> [Task] Write out only the lines from the line containing "Published 2025 (est.)" to the end of the listing below, both included, exactly as they stand. Drop the pictures.

> [Exercise data]
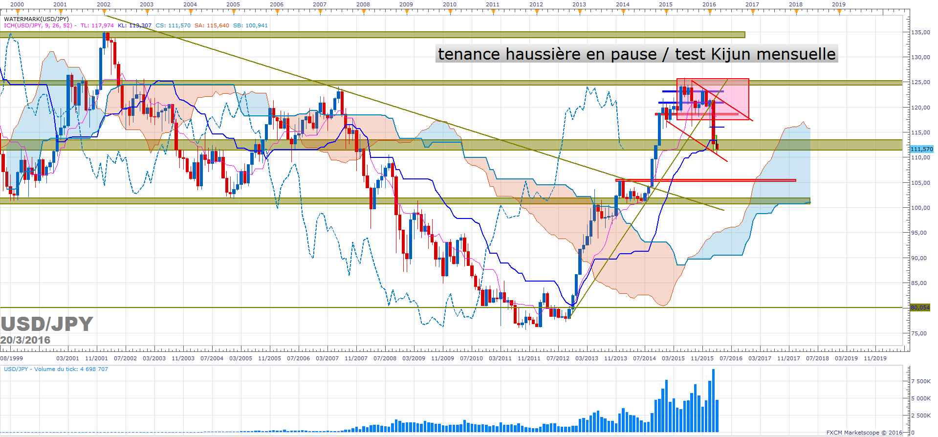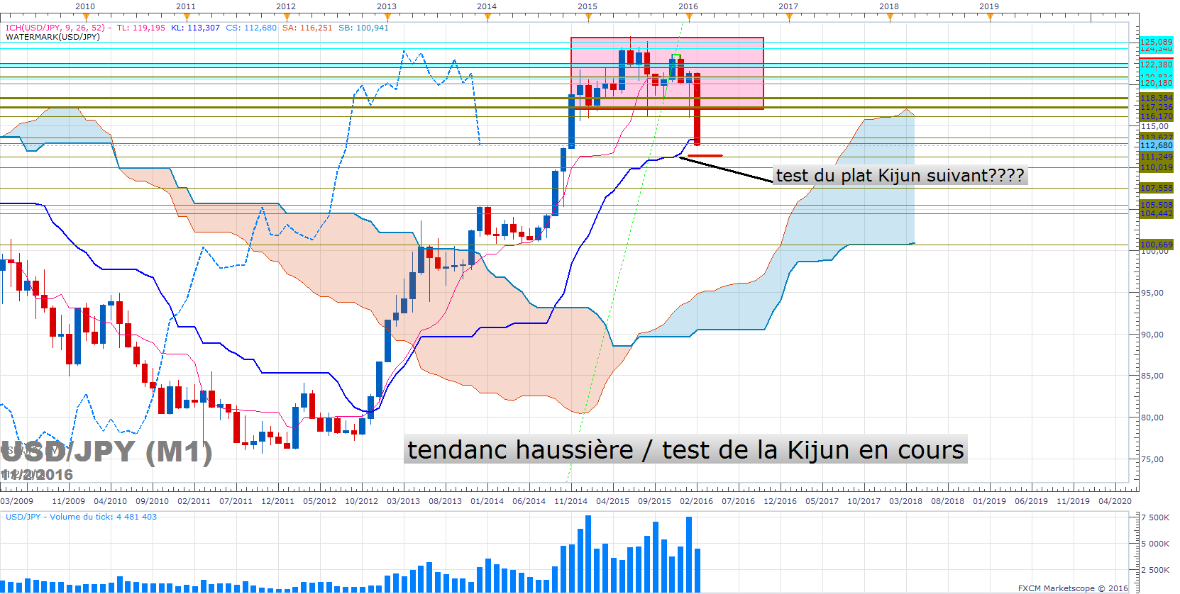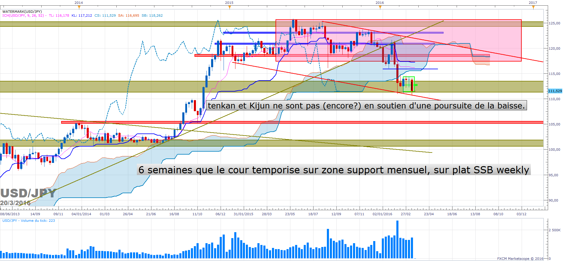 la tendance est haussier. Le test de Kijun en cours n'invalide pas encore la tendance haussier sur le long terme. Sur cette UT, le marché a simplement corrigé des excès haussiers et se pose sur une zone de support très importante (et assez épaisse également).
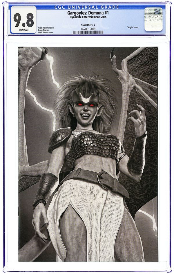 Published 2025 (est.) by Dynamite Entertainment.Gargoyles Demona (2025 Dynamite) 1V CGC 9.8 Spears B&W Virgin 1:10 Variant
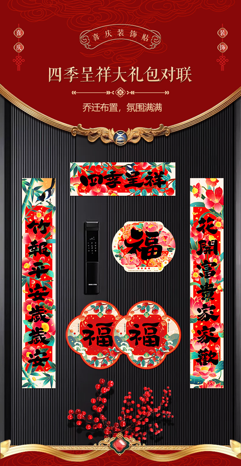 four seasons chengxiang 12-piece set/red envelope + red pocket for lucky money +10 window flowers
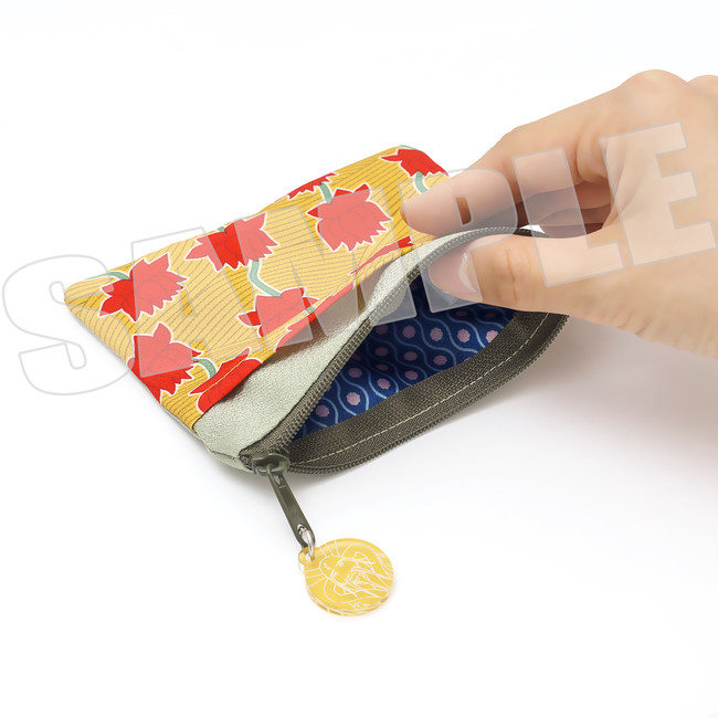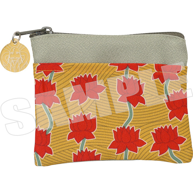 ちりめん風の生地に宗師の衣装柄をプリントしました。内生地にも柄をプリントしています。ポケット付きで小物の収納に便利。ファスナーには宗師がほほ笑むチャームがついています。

> [Reply]
 Published 2025 (est.) by Dynamite Entertainment.Gargoyles Demona (2025 Dynamite) 1V CGC 9.8 Spears B&W Virgin 1:10 Variant
 four seasons chengxiang 12-piece set/red envelope + red pocket for lucky money +10 window flowers
 ちりめん風の生地に宗師の衣装柄をプリントしました。内生地にも柄をプリントしています。ポケット付きで小物の収納に便利。ファスナーには宗師がほほ笑むチャームがついています。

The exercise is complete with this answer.